The problem for many is the government does not appear to be making mental health issues, never mind the epidemic of suicide, much of a priority outside of the gun debate. While it is true that the law requires background checks for guns sold by federally licensed firearm dealers (FFLs), Americans can buy firearms through “private sales” in more than 40 states without undergoing any type of screening at all.
One study estimated that private transactions in the United States account for at least 40 percent of all gun sales. There are also studies which suggest that every year, about 18.2 percent of the total adult population in the United States (42.5 million) suffer from some mental illness, enduring conditions such as depression, schizophrenia or bipolar disorder.

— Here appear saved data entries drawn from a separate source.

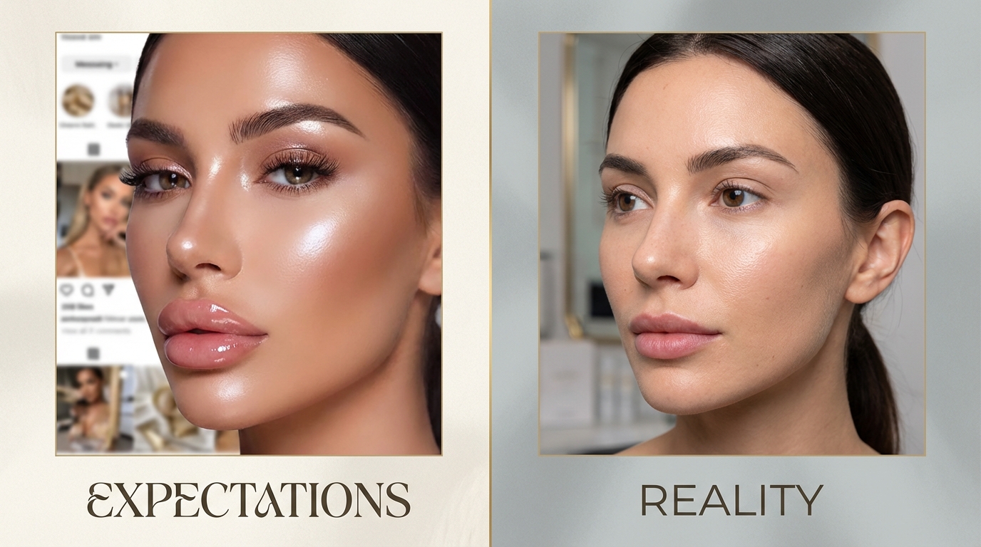 Efekt po zabiegu nie jest ostateczny. Przez pierwsze 2–7 dni obrzęk zawyża wynik. Prawdziwy efekt widać po tygodniu. Cierpliwość jest kluczowa — nie panikuj po wyjściu z gabinetu.
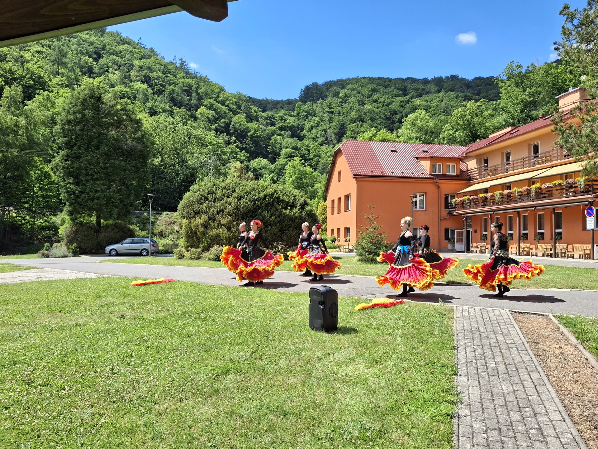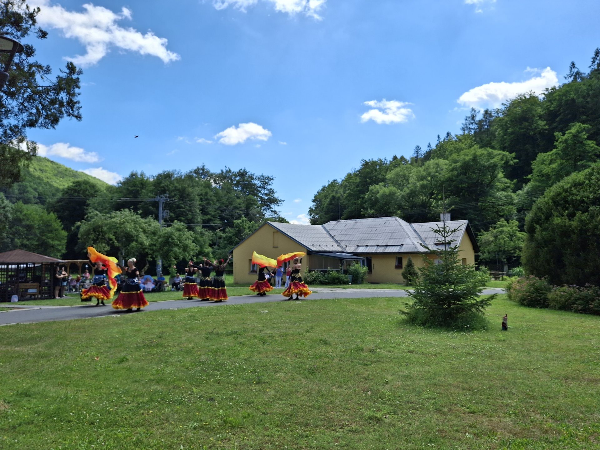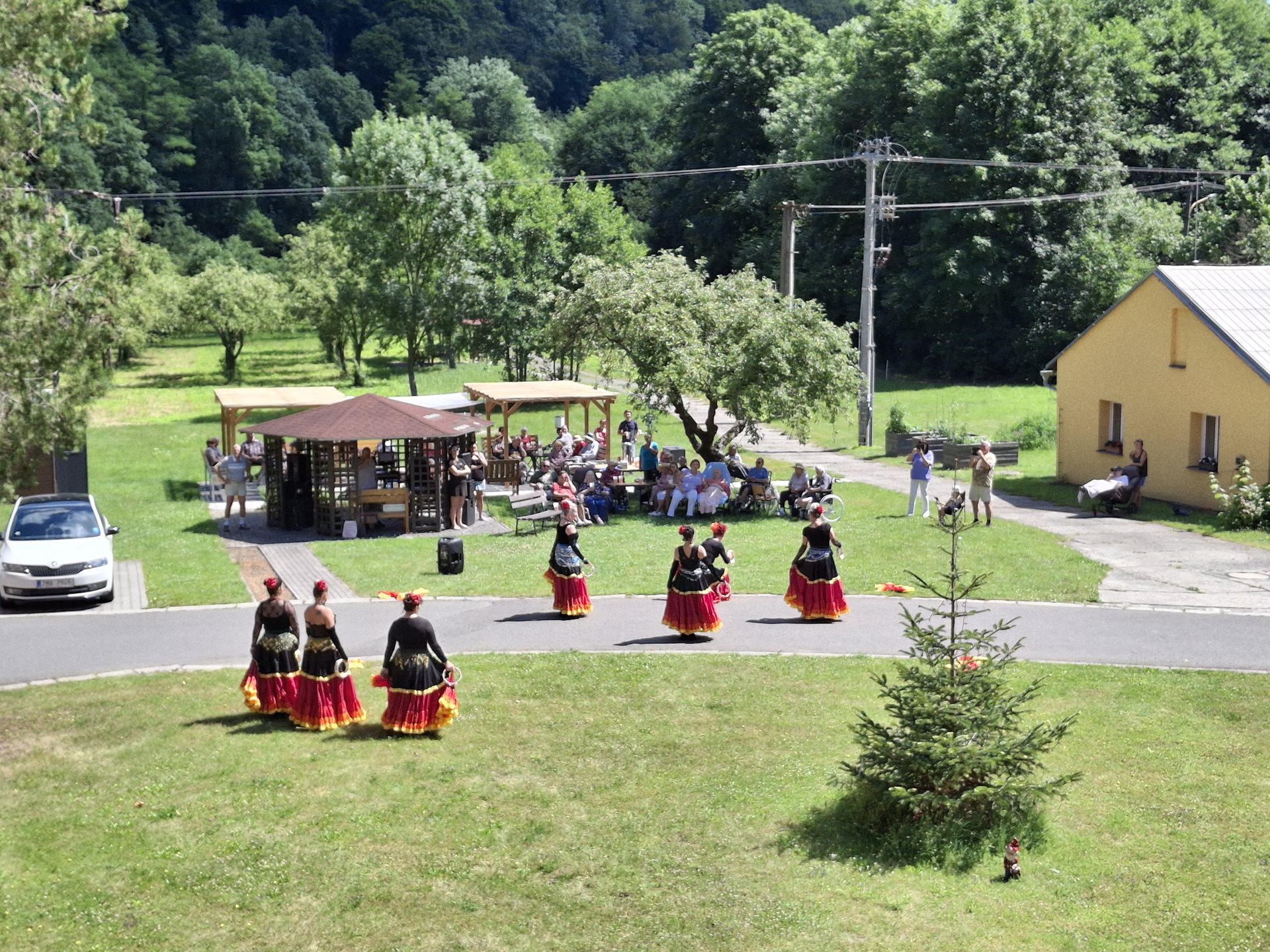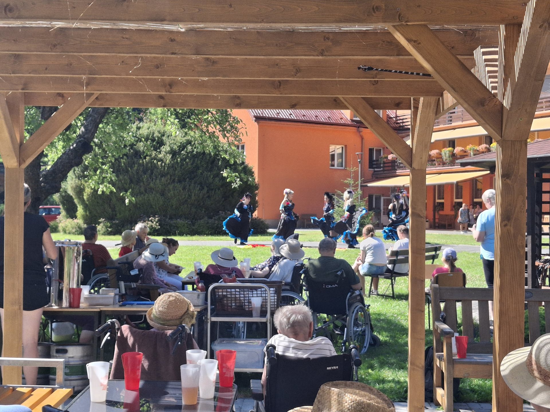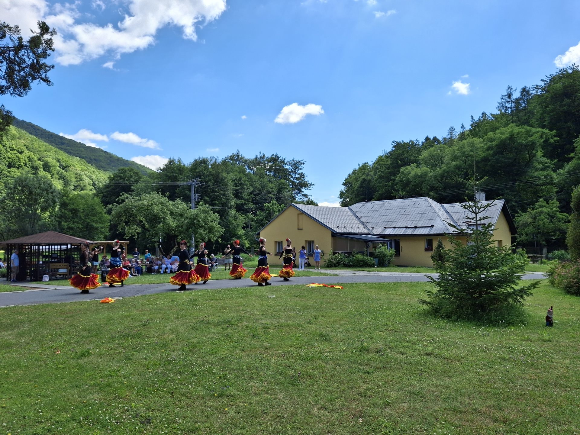 V sobotu jsme pořádali naše oblíbené opékání, které jsme si tentokrát zpříjemnili překvapením. Přijely nám zatančit tanečnice ze Vsetína. Jedná se o sedm kamarádek, které ve volném čase nacvičují taneční vystoupení. Pro nás si připravily pět tematických tanečních čísel. Celé odpoledne probíhalo ve velmi příjemné atmosféře, protože počasí nám přálo, slunce svítilo a sem tam příjemně zafoukal větřík, který nás osvěžil. Buřtíky chutnaly výborně a pivečko bylo krásně vychlazené.
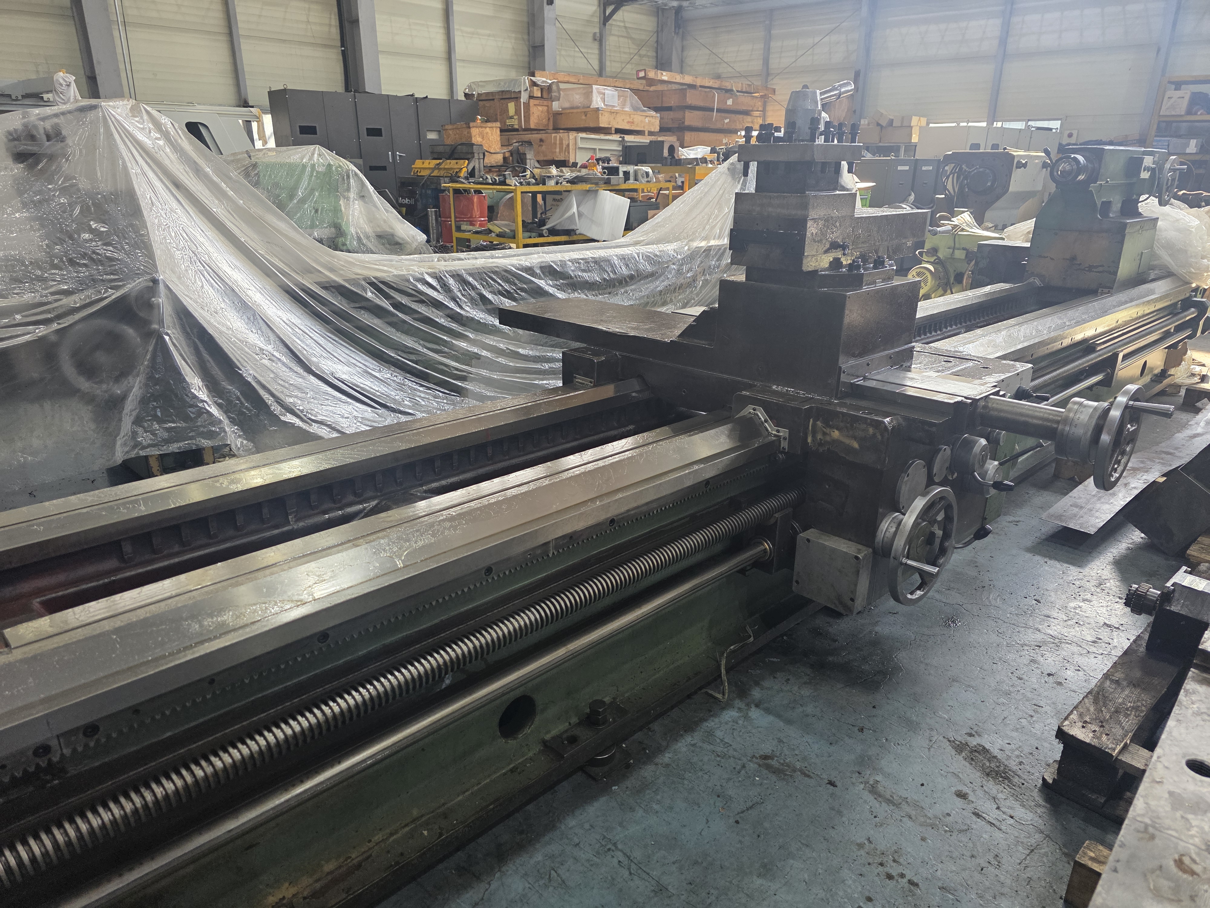 5,000mm에 달하는 긴 구간의 이송을 담당하는 리드스크류와 피드 로드의 정렬 상태입니다. 사진상 휨이나 마모 없이 직선도가 양호하게 유지되고 있어 나사 가공 및 자동 이송 시 일정한 품질을 기대할 수 있습니다. 긴 베드 전 구간에 걸쳐 이송 저항이 일정하게 유지되어 가공 오차를 최소화할 수 있는 컨디션입니다.
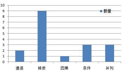 由图1可知,五类关联词都出现在我们的考试中,其中以转折关系、条件关系和并列关系居多;由图2可知,关联词考点在我们的考试中越来越重要,题量越来越多。这主要分析的是主旨概括题涉及到的,更不论意图判断题了。如果加上意图判断题,其题量还会继续增多。
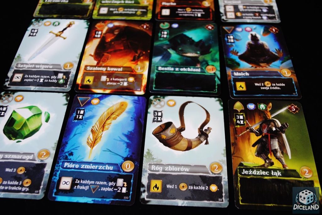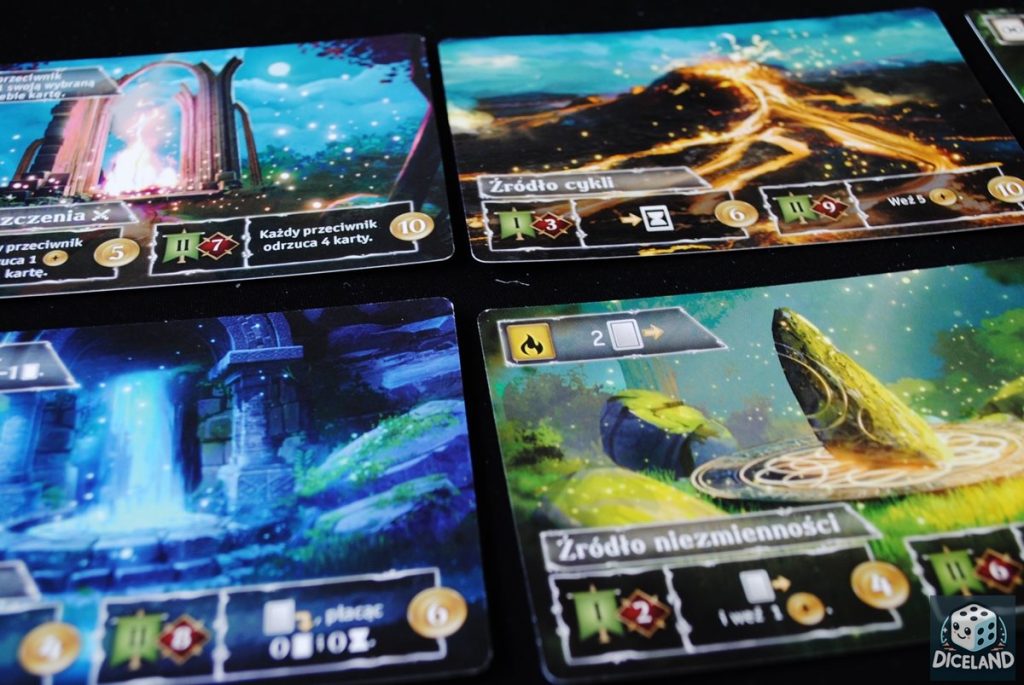 Bardzo podoba mi się przystępność tej gry. Spokojnie zagrają w nią mniej zaawansowani gracze, a i wyjadacze nie zanudzą się podczas rozgrywki, bo jest nad czym kombinować. Zaskoczyła mnie określona liczba punktów zwycięstwa, które można zdobyć podczas zabawy. Toczy się o nie prawdziwy wyścig, a jeżeli się skończą… następuje koniec gry. Podobnie jest z zagrywanymi kartami, czy ze zdobytymi źródłami. Dzięki temu gra jest naprawdę szybka, a jednocześnie nie mamy wrażenia, iż jest zbyt krótka. Spokojnie zdążymy pokombinować. A z czego wynika spora rozbieżność czasowa umieszczona na opakowaniu? Im więcej graczy tym więcej źródeł do podbicia, zabawa trwa więc odrobinę dłużej. Przy 2-osobowej rozgrywce (która swoją drogą działa bardzo dobrze) spokojnie zamkniemy się 30 minut. Przy większej liczbie graczy rywalizacja jest nieco ostrzejsza, a podbijanie źródeł bardziej intensywne i zażarte. Muszę przyznać, iż gra mnie mocno wciągnęła i z chęcią szukam nowych powiązań między kartami. Staram się również lepiej wykorzystywać moce artefaktów. Świetna zabawa, do której chce się wracać.
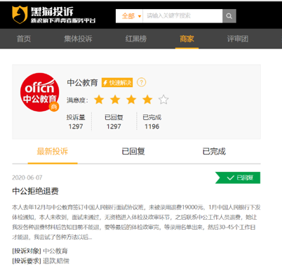 对中公教育诸如此类的投诉,在各大平台上数量众多,在此不一一列举。对于学员退费难的种种问题,蓝鲸教育就相关情况联系中公教育寻求其官方回应。截至发稿时,中公教育并未回复。
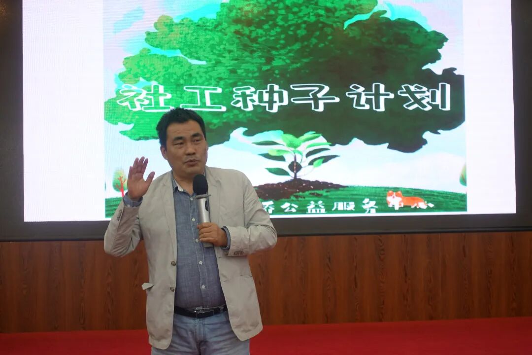 3、贵州省亚桥公益服务中心主任黎培忠老师为同学们分享了《亚桥对社工种子计划的初衷与期待》;

As opposed to abandoning strong opinions for a more balanced conversation it seems society has collectively decided that an occasional massacre is okay. It is simply the price many are willing to pay for the freedom of their precious Second Amendment. Society is content to forfeit the lives of a few dozen students a year as long as they can keep their guns. The people have spoken, in a cheering civics-class example of democracy in action!
The truth is, however, it is not that cut and dry. It is a gray area which needs more dialogue on both sides. Yes, America’s federal firearms laws are weak and filled with loopholes, but mental illness is a definite issue which needs to be addressed so victims can receive the necessary treatment which will afford them the opportunity of a normal life. The American crisis at hand is a combination of mental illness and gun laws; unless the conversation finds balance a resolution will not be established leaving citizens, sane and insane, to suffer through more of the same.